Colorado Court of Appeals. Division I
Oct 29, 1987
746 P.2d 565 (Colo. App. 1987)

Summary

In Rogers v. Industrial Claim Appeals Office, 746 P.2d 565 (Colo.App. 1987), the court interpreted § 8-43-404(5)(a) as requiring the employer to tender medical treatment "forthwith upon notice of an injury," or allow the right of selection to pass to the claimant.

Summary of this case from In re Cunningham, W.C. No

Opinion

No. 87CA0534

Decided October 29, 1987.

Review of Order from the Industrial Claim Appeals Office of the State of Colorado

Eldridge, Lindstrom, Wilcox and Ogden, Ralph Ogden, Barbara J. Lindstrom, for Petitioner.

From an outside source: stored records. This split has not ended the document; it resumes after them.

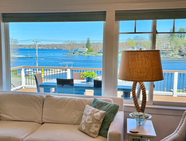 Feel like you're on vacation every day at this Bantam Lake 5BR/3.5B Modern Cape rebuilt in 2012 by master craftsman- including a deeded waterfront parcel with 70' of frontage with a dock. Enjoy vast views of CT's largest natural lake in Litchfield County, also conveying deeded shared use of 50' of beach area. Greet guests as they enter the foyer with a cathedral ceiling and chandelier on an Aladdin lift for cleaning ease. The open floor plan is accented by a fieldstone gas FP in the living room, and dining area with sliders leading to an enclosed 3 season room with a 2nd fieldstone gas FP. Loads of light filter through the large and beautiful choice of Marvin triple pane windows, and native white oak flooring is found in the living room & bedrooms. A chef's kitchen boasts custom hickory cabinetry, quartzite counters & SS high-end appliances, not to mention a Wolf gas cooktop & wall oven. The main floor primary suite with lake views includes a big walk-in closet and a spoil yourself bathroom with tiled shower and jetted soaking tub. Upstairs are 4 bedrooms & 2 full baths. Entertain outdoors on the huge deck with Azec floors and take in all the lake has to offer from sunrises to rainbows. The outdoor shower is great for rinsing off after a fun day at the lake or a vigorous start to your day, and has geothermal heating and cooling system, propane furnace and energy star foam insulation. More extras include an RV pad and automatic home generator. Minutes to the Litchfield Green.
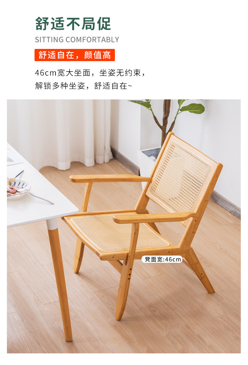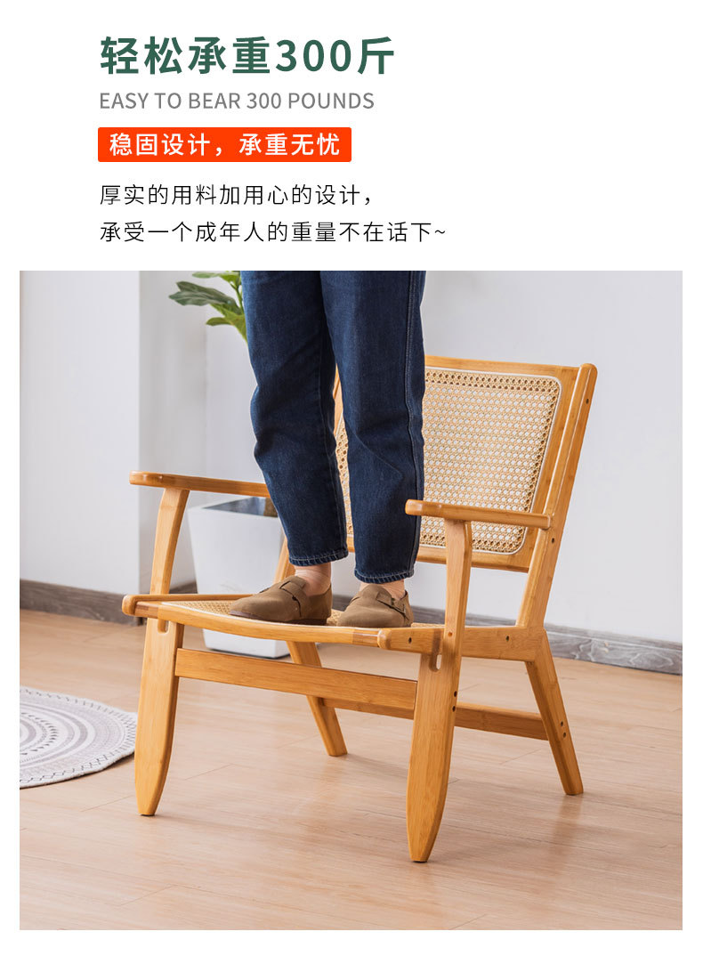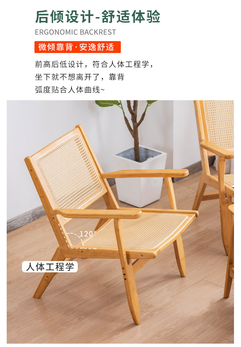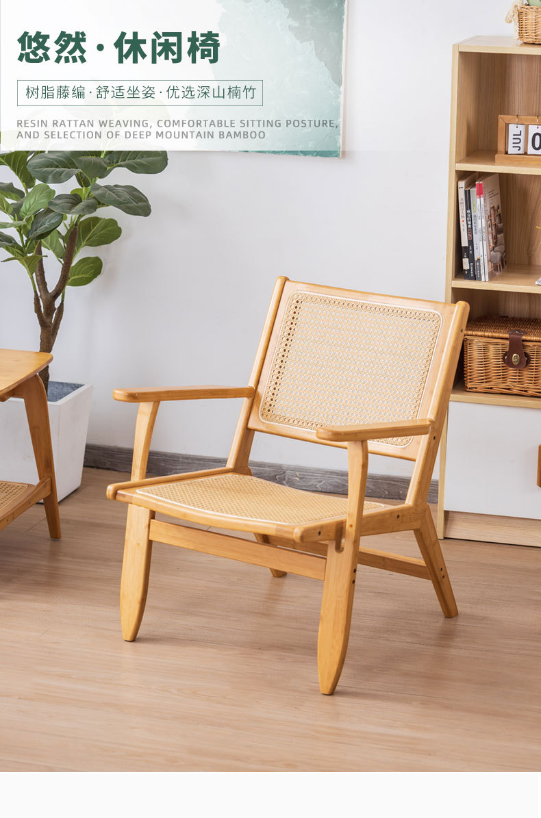 Silla de ocio de ratán de bambú con apoyabrazos, balcón doméstico con silla de respaldo, sofá al aire libre, sillón reclinable, nuevo estilo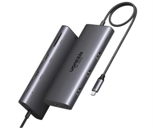 UGREEN Dokkoló állomás 10 az 1-ben, Dual Display, HDMI, Ethernet, 8K@30Hz, USB 3.0 HUB, 100W, SD card, szürke (15534)

Duane Woodard, Attorney General, Charles B. Howe, Chief Deputy Attorney General, Richard H. Forman, Solicitor General, Michael J. Stiner, Assistant Attorney General, for Respondent Industrial Claim Appeals Office.

Watson, Nathan Bremer, P. C., Anne Smith Myers, for Respondent Safeway Stores, Inc.


Roberta L. Rogers (claimant) seeks review of a final order of the Industrial Claim Appeals Office (Panel) which denied her claim for medical and permanent partial disability benefits. We set aside the order insofar as it denied her medical benefits, but otherwise affirm.

I.

Claimant sustained an injury to her back on August 16, 1984, and reported it to her manager the next day. The manager advised claimant that it was "too late" to report the injury and did not tender medical treatment. Thereafter, claimant consulted her union steward and was advised to file a formal report of the accident despite the manager's position. Claimant did so on August 20 and, at that time, also advised the manager that she had an appointment the next day with her physician. The manager told claimant that she was authorized to seek treatment only at the employer's clinic. Claimant disregarded this admonition and consulted her own physician for seven months.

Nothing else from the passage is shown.